The performance of the H-LSTM-GLE model on the two public datasets is evaluated using three metrics: Mean Squared Error (MSE)²⁷, Mean Absolute Error (MAE)²⁸, and Mean Absolute Percentage Error (MAPE)^29,30.

MSE is a commonly used performance evaluation metric in sequence prediction tasks, quantifying the discrepancy between predicted and actual values²⁷. A smaller MSE indicates higher prediction accuracy²⁷. Due to the squared term, MSE is highly sensitive to outliers. The calculation of MSE is given by Eq. (19):

$$\:\text{M}\text{S}\text{E}=\frac{1}{n}\sum_{i=1}^{n}\:({y}_{test}^{\left(i\right)}-{\widehat{y}}_{test}^{\left(i\right)}{)}^{2}$$

(19)

where $\:n$ represents the number of samples in the test set; $\:{y}_{test}^{\left(i\right)}$ denotes the $\:i$-th actual observation in the test set, and $\:{\widehat{y}}_{test}^{\left(i\right)}$ denotes the $\:i$-th predicted value. The term $\:({y}_{test}^{\left(i\right)}-{\widehat{y}}_{test}^{\left(i\right)}{)}^{2}\:$represents the squared difference between the actual and predicted values, which eliminates the sign of the error and assigns greater weight to larger errors.

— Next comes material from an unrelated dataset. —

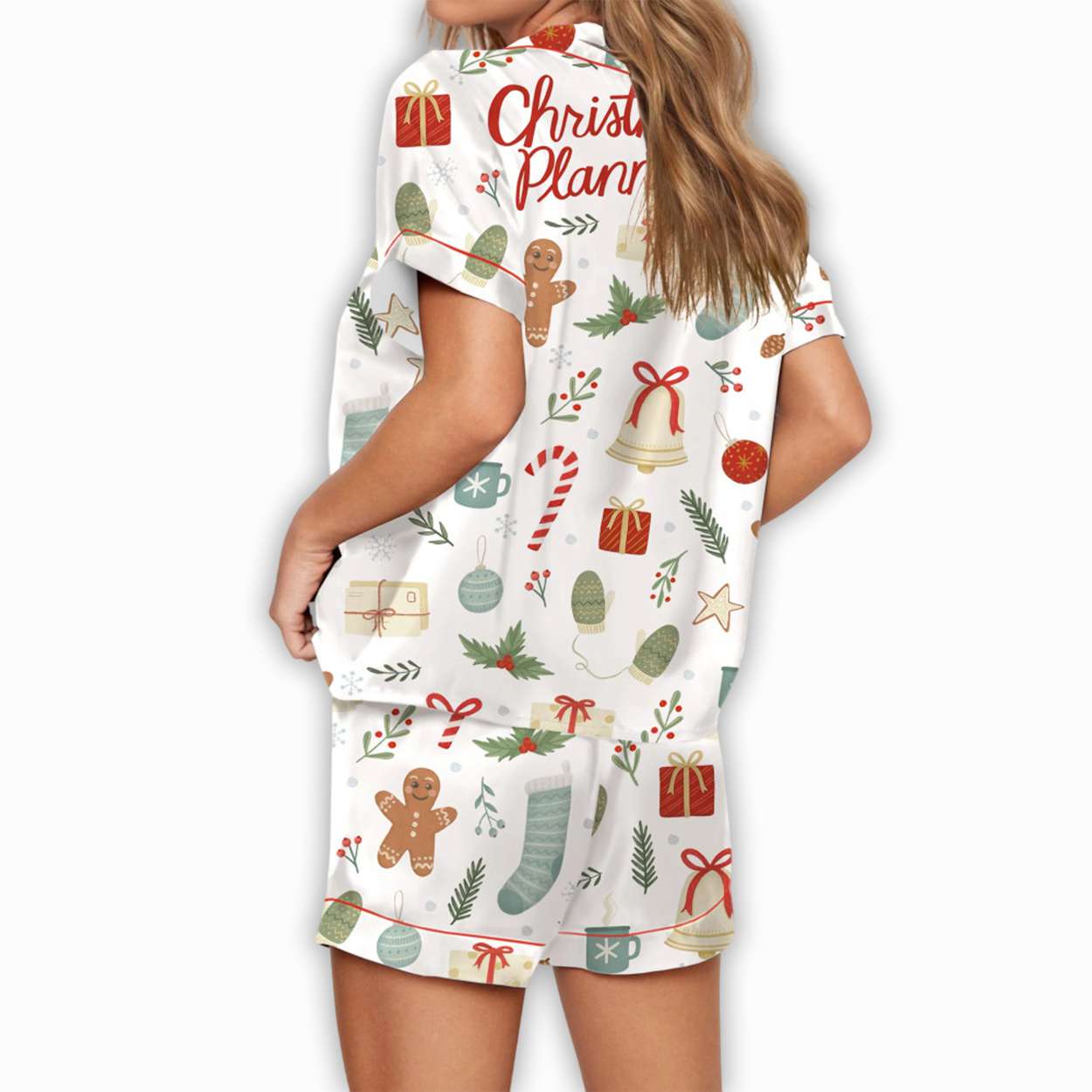Slip into the season with the Christmas Planner Silky Satin Pajama Set—a playful nod to holiday traditions, festive icons, and nostalgic winter charm. Featuring gingerbread men, candy canes, and stockings, it’s a cozy tribute to timeless Christmas storytelling and cultural warmth.

MAE is another widely used metric to assess the quality of prediction results, directly reflecting the average deviation of predicted values from actual values²⁸. Lower MAE values indicate higher prediction accuracy of the model²⁸. Unlike MSE, MAE does not involve squared terms, making it less sensitive to outliers. The calculation of MAE is given by Eq. (20):

$$\:\text{M}\text{A}\text{E}=\frac{1}{n}\sum_{i=1}^{n}\:|{y}_{test}^{\left(i\right)}-{\widehat{y}}_{test}^{\left(i\right)}|$$

(20)

MAPE uses absolute values to avoid the cancellation of positive and negative errors, making it suitable for comparing the accuracy of various time series models^31,32. Theoretically, a smaller MAPE value indicates a better fit of the prediction model, demonstrating higher accuracy³². The calculation of MAPE is shown in Eq. (21):

$$\:\text{M}\text{A}\text{P}\text{E}=100\text{\%}\times\:\frac{1}{t}\sum_{i=1}^{t}\:\left|\frac{{y}_{i}-{\widehat{y}}_{i}}{{y}_{i}}\right|$$

(21)

where $\:{y}_{i}$ and $\:{\widehat{y}}_{i}$ represent the actual value and the predicted value by H-LSTM-GLE at time $\:i$, respectively.

Hyperparameter tunning procedure of models

To validate the predictive capability of the H-LSTM-GLE model on meteorological factors such as humidity and temperature, we compared its performance with that of eleven baseline models on the test sets of the SML2010-Hum and SML2010-outTem datasets. The baseline models for univariate data include: Cross-dimension Dependency Transformer (Crossformer)³³, Frequency Enhanced Decomposed Transformer (FEDformer)³⁴, Pointer-Generator Networks (PGNET)³⁵, Copying Neural Network (COPYNET)³⁶, Convolutional Sequence to Sequence Network (ConvS2S)³⁷, Neural Attentive Recommendation Machine (NARM)³⁸, Neural Basis Expansion Analysis with Exogenous Variables (N-BEATS)³⁹, and Deep Autoregressive RNN (DeepAR)⁴⁰. For multivariate data, the baseline models include: Wind Resource Quality Assisted Spatial Attention (WRQASA)²⁵, Spatiotemporal Convolutional Sequence to Sequence Network (STConvS2S)⁴¹, and SFA-LSTM¹⁴.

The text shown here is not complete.